I did a quick calculation in my head. “An hours’ VIP is two hundred and twenty pounds, so…” I started.

“I’ll pay it,” he interrupted, retrieving his brown leather wallet from his pocket and starting to count fifties into my hand. ‘Let’s go,” he told me, once he’d given me the right amount.

I walked him to the VIP Room, suddenly hyper-conscious of how much ass cheek my little thong exposed. I could feel his eyes on my body as he walked behind me. This was absolutely the most skin I had ever exposed in front of him.

When we got into the VIP Room, I pulled the curtain closed behind us.

“I don’t want you to talk to me,” he said. “Just dance.”

I began my usual routine, the one I had performed hundreds, perhaps thousands of times.
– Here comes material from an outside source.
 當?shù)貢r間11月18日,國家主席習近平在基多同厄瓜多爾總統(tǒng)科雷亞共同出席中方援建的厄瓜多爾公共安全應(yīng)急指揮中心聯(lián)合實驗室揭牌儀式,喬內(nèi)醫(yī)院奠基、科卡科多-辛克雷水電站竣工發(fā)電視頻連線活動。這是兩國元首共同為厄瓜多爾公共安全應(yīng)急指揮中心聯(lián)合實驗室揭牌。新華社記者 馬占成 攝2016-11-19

Cheekily pull down my bra strap, whip my knickers into the corner of the room, rub my hands over my tits right in front of his face. Unlike every single over time I’d done it, though, this time felt completely different. It felt insanely intimate. Here I was, getting naked for a man who I had spent every weekday with for the past year. A man who had heretofore only ever seen me in a pencil skirt and blouse. A man who knew I ate an avocado salad every day for lunch, and that I took my tea with one sugar.

He watched me, his eyes dark, his expression unmoving. He drank me in, every inch of my skin, and something curious started to happen. Despite what I’m sure my customers would like to think, I never got turned on in private dances. Typically, my mind would be focused on not forgetting when my next stage show was, or whether or not to go through the drive-thru on my way home.
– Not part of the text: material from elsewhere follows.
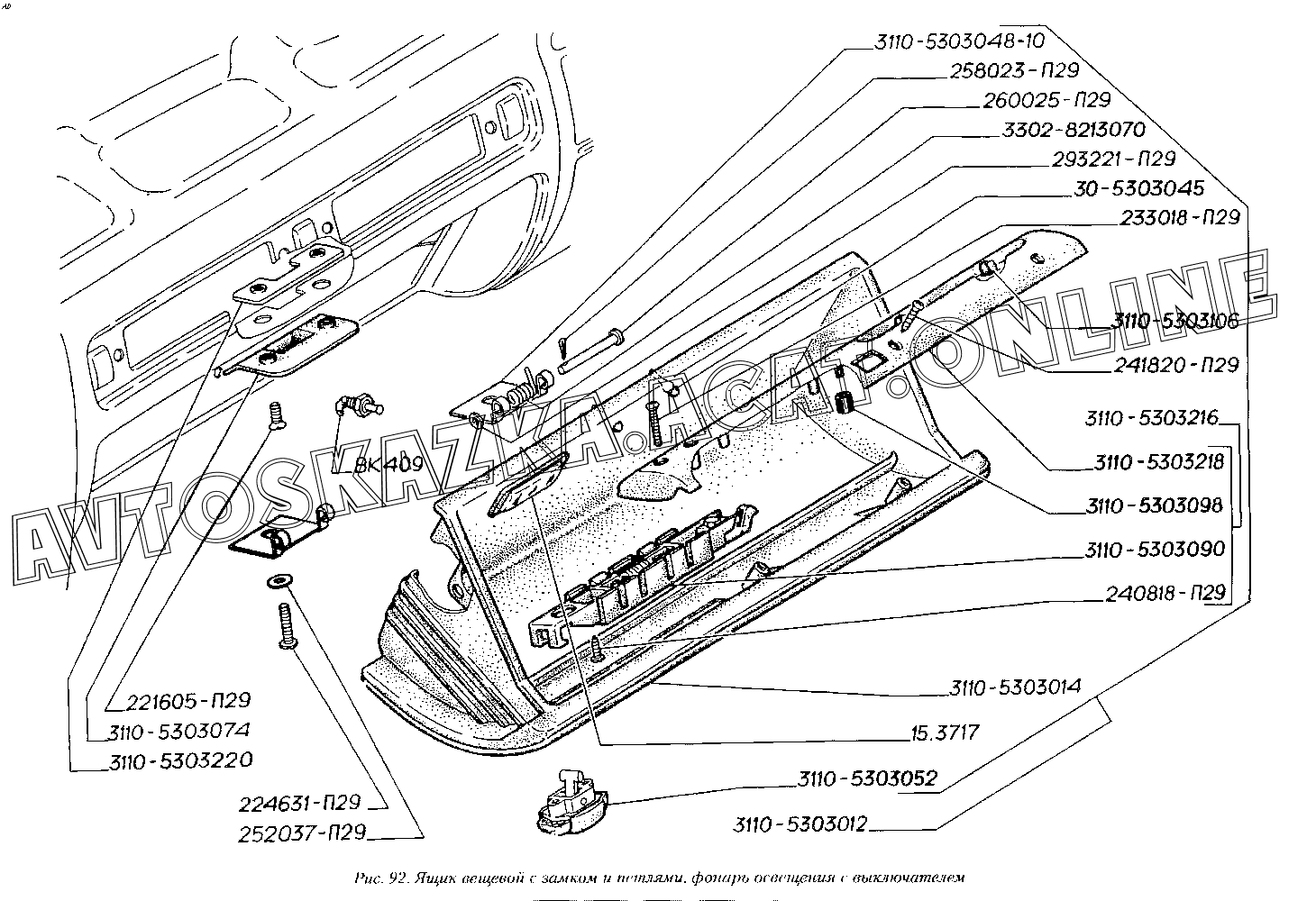 Ящик вещевой с замком и петлями, фонарь освещения с выключателем ГАЗ 3110 (3110-101, 3110-111, 3110-311, 3110-331, 3110-341, 3110-411, 3110-441)

This time, though, I started to feel myself getting wet. At first, I feared I might be unexpectedly starting my period. I surreptitiously swiped my hand down there, and then I realised. It was not my time of the month. This situation was turning me on, and my pussy was soaking wet.

Piers’ eyes bore into me, and I just kept on dancing.

Monday 25th June 2012

8.55am

Bichard Building Supplies

On Monday morning I arrive to the office expecting to discover a notice of dismissal on my desk, but Piers is acting so bizarrely. It’s almost like he’s pretending nothing happened; he doesn’t allude to our time in the VIP Room at all. I feel strangely shy, finding it faintly unbelievable that my boss has seen me naked, but it doesn’t seem to be bothering him at all. He only emerges from his office a few times during the day to fire instructions off at me, but other than that I barely see him. At five to five, however, the phone rings. When I pick it up, it’s him.
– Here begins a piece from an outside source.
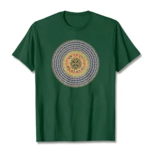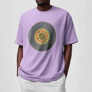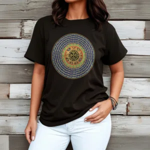 A mala on a T-shirt! Featuring 108 repetitions of the mantra “Om Mani Padme Hum.” The number 108 represents the beads on a mala. used for chanting a mantra. Protect yourself with this powerful mantra!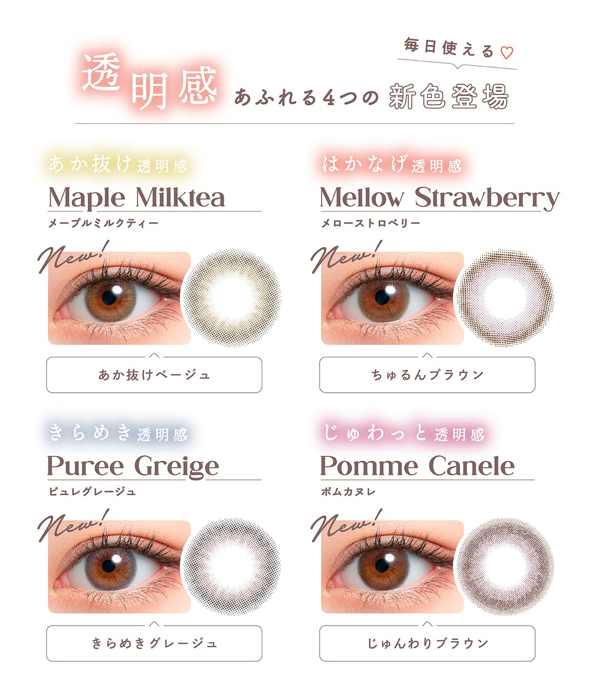 裸眼の色が明るい「茶目」のタイプ、暗めな「黒目」のタイプ、どちらのタイプの瞳の方が着けても不自然にならずあか抜ける全8種のラインナップです。

“Emilia, I’d like you to come to my office before you leave for the day,” he says.

“Yes, Mr Bichard,” I reply, and obediently I walk down the corridor. When I arrive in his doorway, he looks up from the papers on his desk.

“Come in and close the door behind you,” he says, firmly. I do as he instructs, my heart racing.

“Sit down,” he says, gesturing to the chair in front of his desk. I sit.

“As my employee, you have a duty to inform me of your diagnosis,” he says to me. This takes me aback; it’s not what I expected him to say.

“My di… I’m sorry?” I say, stumbling over my words.

“Your diagnosis of amnesia,” he replies shortly.

Realisation kicks in. “I don’t have amnesia,” I say, softly.

“Oh, so you do remember our conversation in which you agreed not to work in a strip club any more?” he says sardonically.

“Yes,” I reply, in a tiny voice.

“And yet you chose to continue working there, disregarding the wishes of your employer?”

“Yes,” I say again.

He leans back in his chair, examines me with an unreadable expression on his face.

“What is it that made you so disobedient?” he asks me. When I don’t answer, he speaks again. “I think I know…”

He quietly gets up from his seat, walks around to my side of the table, stands behind me. I’m tense, unsure of what will happen next.